従来の二次電池は、充放電特性が同一の活物質を使用しているので、高電流で充放電できるが電池容量が小さい電池(パワー用電池)と、高電流では充放電できないが低電流の充放電で電池容量が大きい電池(エネルギー用電池)を作り分けている。高電流で充放電できることと、電池容量が大きいことは同時に成立しないので、高電流で充放電できて、かつ、電池容量が大きい電池というものは存在しない。
高電流で充放電できて、かつ電池容量が大きい電池が必要な場合、次の二通りの方法が考えられる。
▲1▼パワー用電池(高電流で充放電できるが電池容量が小さい電池)を使用し、必要な電池容量を確保するまで複数個の電池を接続する。このときはパワーが極めて過剰スペックとなり、不経済な状態となる。
▲2▼エネルギー用電池(低電流の充放電で電池容量が大きい電池)を使用し、必要なパワーを確保するまで複数個の電池を接続する。このときはエネルギーが極めて過剰スペックとなり、不経済な状態となる。
電熱器などの回転部分がない電気器具の場合は、起動時も定常運転時も必要な電流量はほぼ同じであるが、モーターなどの回転部分が存在する電気機器の場合は、起動時(瞬間的に)には定常運転時の約3倍の電流量が必要となる。モーターなどの回転部分が存在する電気機器を電池で稼動させるときは、上記の特性があるので、定常運転時の機器スペックで電池を選択すると、電池は起動時の瞬間的な大電流に耐えることができず、電池寿命が短くなる。
特に電気自動車や電気二輪車などの場合、加速する際に瞬間的な大電流が必要であるが、走行距離を長くするために、エネルギー量も大量に必要であり、電気自動車や電気二輪車の性能は、電池性能に依存する。
セルスタータなどは、瞬間的に大電流が必要であり、時間的には文字通り瞬間的(数秒以内)なものであり、数十分も必要なことはあり得ない。その特性を有するものが鉛蓄電池で、瞬間的なパワーを出す代わりに、鉛蓄電池の全エネルギー量のうち有効に使われるのは、ほんの10%程度である。
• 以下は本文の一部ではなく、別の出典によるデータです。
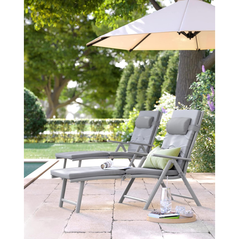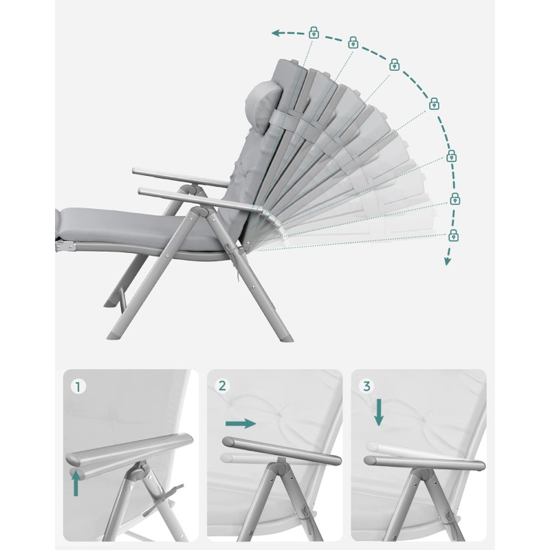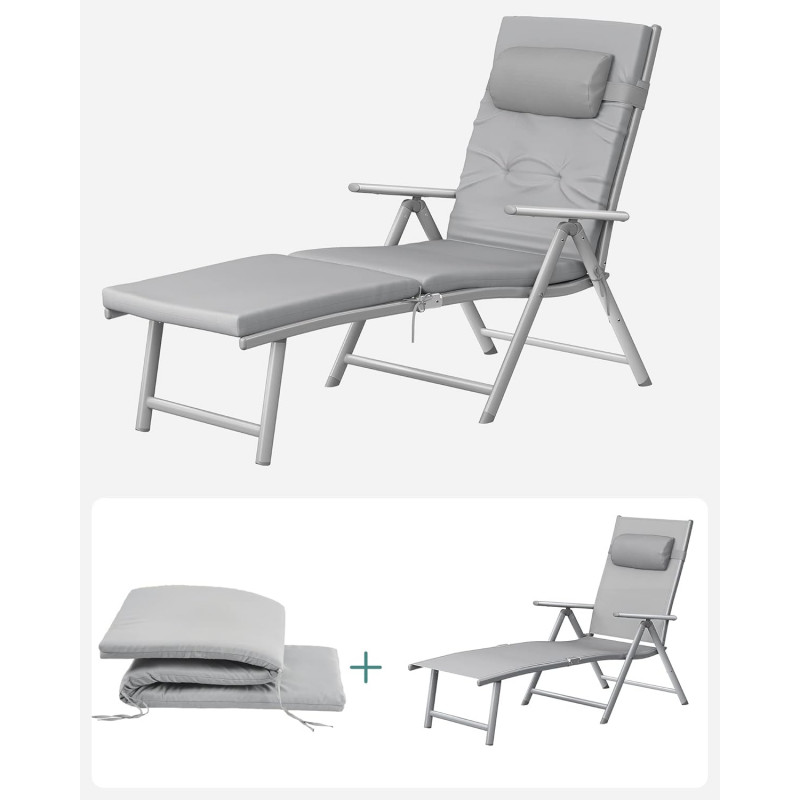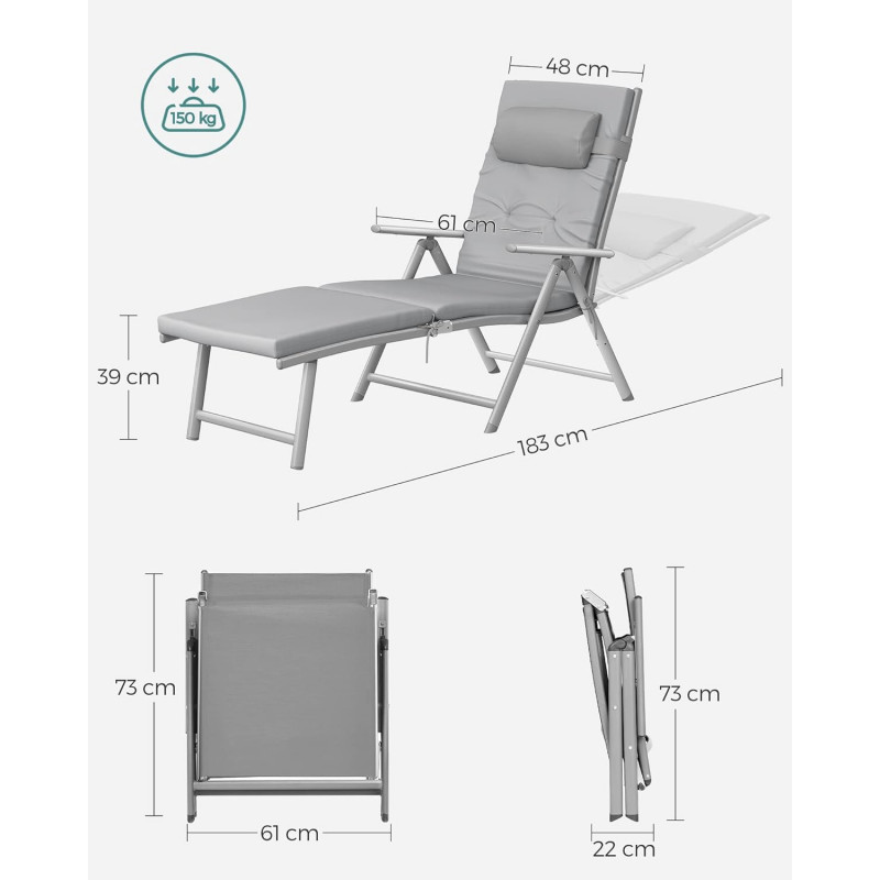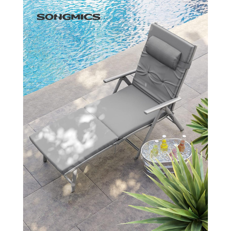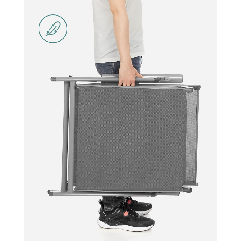 Scurta descriere Sezlongul pliabil SONGMICS ofera un nivel superior de confort datorita saltelei groase de 6 cm si spatarului reglabil in 7 pozitii. Structura din aluminiu rezistent la rugina il face ideal pentru utilizare in exterior, iar designul pliabil il face usor de depozitat si transportat.
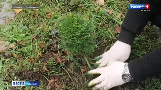 На улице Иристонской высадили саженцы туи сорта "Смарагд"
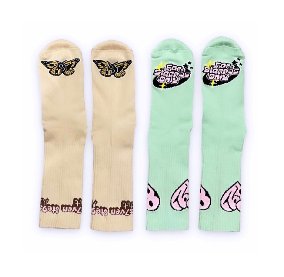 Brown 897 Butterfly sock & Green with Pink heart Y2K for steppas only sock

本発明は上記の諸点に鑑みなされたもので、本発明が解決しようとする課題は、充放電特性の異なる活物質、すなわち、パワー用活物質とエネルギー用活物質を組み合わせて1つの電池とすることにより、起動時などに瞬間的にパワーを出すことができ、なおかつエネルギー容量が多くなるハイブリッド電池を提供することにある。
〔発明の開示〕
上記の課題を解決するために、本発明のハイブリッド電池は、セパレータを介して接続された2つのセルの一方のセル内の電解液中に正極活物質の成形体が装墳され、他方のセル内の電解液中に負極活物質の成形体が装填され、正極活物質が装填されたセルに正極活物質と接触する正極集電体が設けられ、負極活物質が装墳されたセルに負極活物質と接触する負極集電体が設けられてなる電池に、正極活物質及び負極活物質の少なくともいずれかとして、充放電特性の異なる少なくとも2種類の活物質成形体を組み合わせたものが1つのセルに装填された構成である。
また、本発明のハイブリッド電池は、対向して設けられた正極集電体と負極集電体の間に、蛇腹状のセパレータが交互に両集電体に近接するように配置され、蛇腹状のセパレータと正極集電体で区画される空間に電解液とともに正極活物質の成形体が装墳され、蛇腹状のセパレータと負極集電体で区画される空間に電解液とともに負極活物質の成形体が装填され、正極活物質と負極活物質とがセパレータを挟んで交互に組み込まれてなる電池に、正極活物質及び負極活物質の少なくともいずれかとして、充放電特性の異なる少なくとも2種類の活物質成形体を組み合わせたものが装填されたことを特徴としている。
上記の構成においては、充放電特性の異なる活物質成形体として、高電流で充放電できるが電池容量が小さい電池となるパワー用活物質と、高電流では充放電できないが低電流の充放電で電池容量が大きい電池となるエネルギー用活物質を使用することができる。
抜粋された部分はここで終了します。